Kafka Terminology

In this tutorial I will explain basic Kafka basic terms and terminology.

  • Apache Kafka is an open source streaming platform. 
  • The Kafka core is written in Scala, and Kafka Streams and KSQL are written in Java.
  • Fast, highly scalable and redundant messaging through a pub-sub model.

Usecases:

  • Messaging System
  • Activity Tracking
  • Gather metrics from different locations
  • Application Logs
  • Streams Processing
  • Integration with other Big Data Technologies

Some terms to explain:

  • Cluster: This is a set of Kafka brokers.
  • Zookeeper: This is a cluster coordinator
  • Broker: This is a Kafka server, also the Kafka server process itself.
  • Topic: This is a queue (that has log partitions); a broker can run several topics.
  • Offset: This is an identifier for each message.
  • Partition: This is an immutable and ordered sequence of records continually appended to a structured commit log.
  • Producer: This is the program that publishes data to topics.
  • Consumer: This is the program that processes data from the topics.
  • Retention period: This is the time to keep messages available for consumption.

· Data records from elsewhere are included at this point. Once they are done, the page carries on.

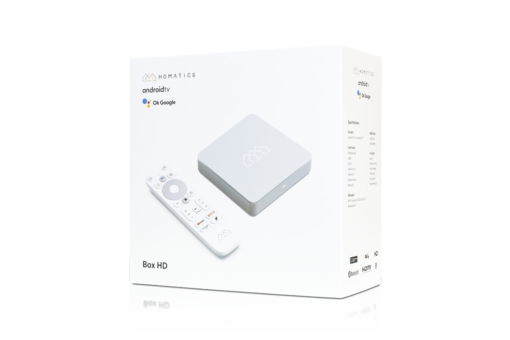 Die Homatics BOX HD ist die ideale Wahl für Fernseher mit Full HD- oder HD-Auflösung. Mit dem neuen Homatics Box HD AndroidTV Mediaplayer können Sie hochwertige Inhalte ganz einfach auf dem großen Bildschirm erleben. Mit der Sprachfernbedienung haben sie einfachen Zugriff auf den Google Assistant und können mithilfe der Kurzbefehle auf der Fernbedienung ihre Lieblingsapps aufrufen.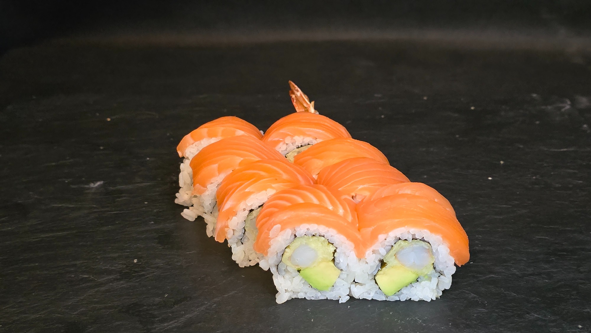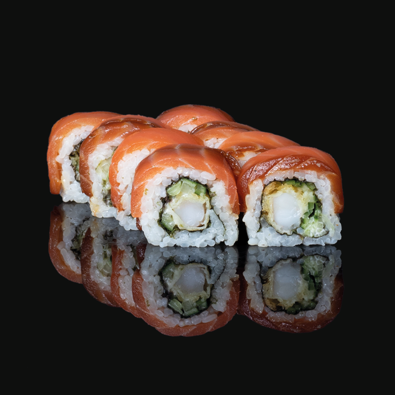 california maki z krewetkami w tempurze obkładane łososiem 8 szt.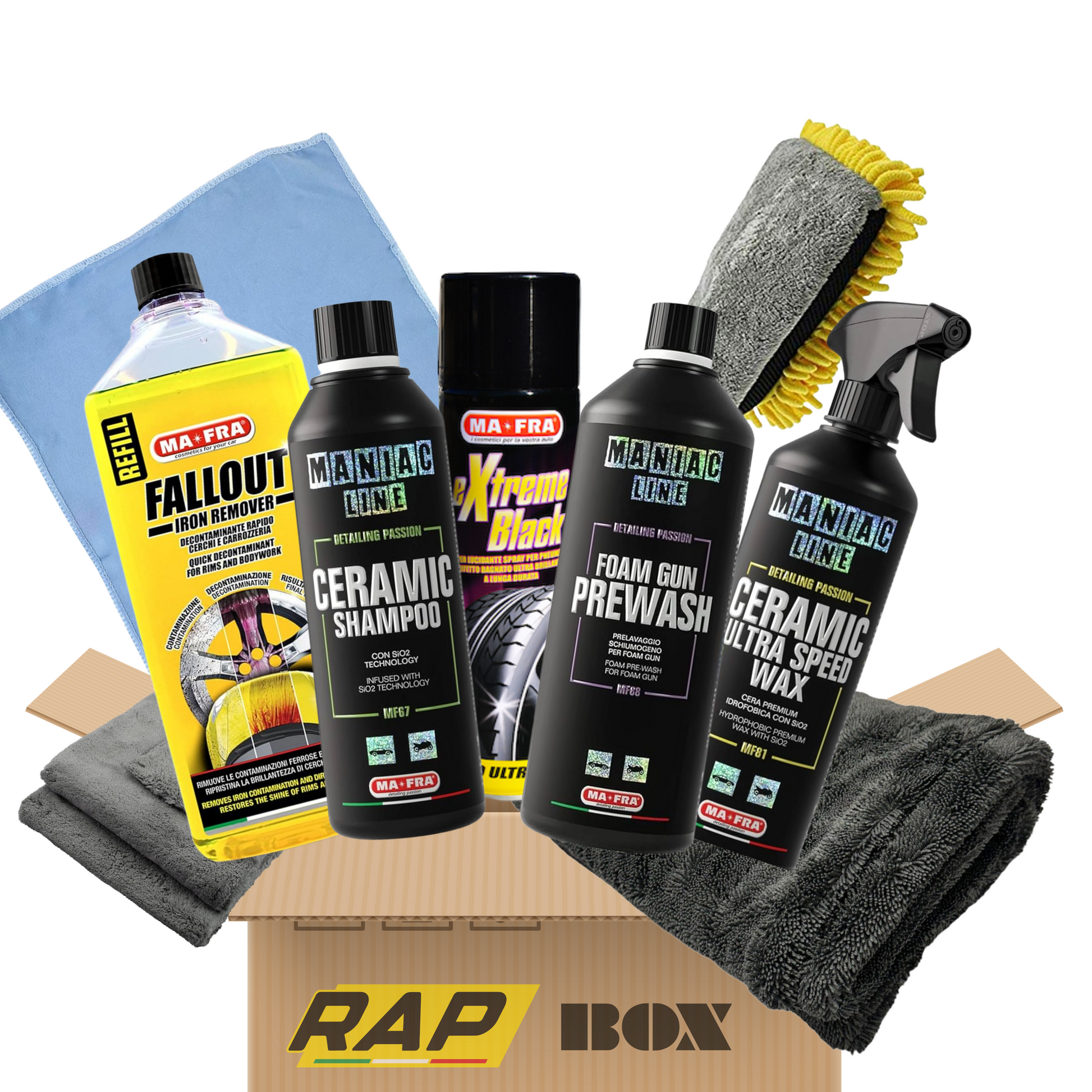 RAP BOX – Lavaggio Pro è il kit pensato per chi pretende il massimo dal lavaggio auto. Una selezione di prodotti avanzati della linea Maniac by MA-FRA, pensati per garantire un’azione efficace e sicura anche su vetture protette, in combinazione con accessori firmati RAP di qualità superiore.
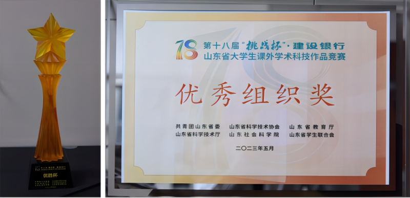 5月18日至22日,由团省委、省教育厅、省科技厅、省科协、省社科院、省学联主办的第十八届“挑战杯”·山东省大学生课外学术科技作品竞赛在齐鲁工业大学(山东省科学院)长清校区举行。我校再创佳绩,2件作品获评特等奖,6件作品获评一等奖,5件作品推荐参加国赛,总成绩位居全省高校前列。学校捧得“优胜杯”,荣获“优秀组织奖”。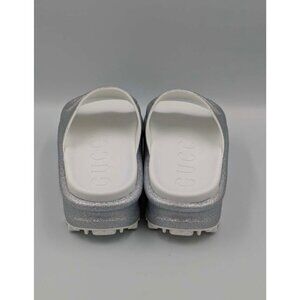 Gucci Glitter Rubber Interlocking G Platform Sandals Silver EU40

There are four major APIs in Kafka:

  • Producer API – Permits an application to publish streams of records.
  • Consumer API – Permits an application to subscribe to topics and processes streams of records.
  • Connector API – Executes the reusable producer and consumer APIs that can link the topics to the existing applications.
  • Streams API – This API converts the input streams to output and produces the result.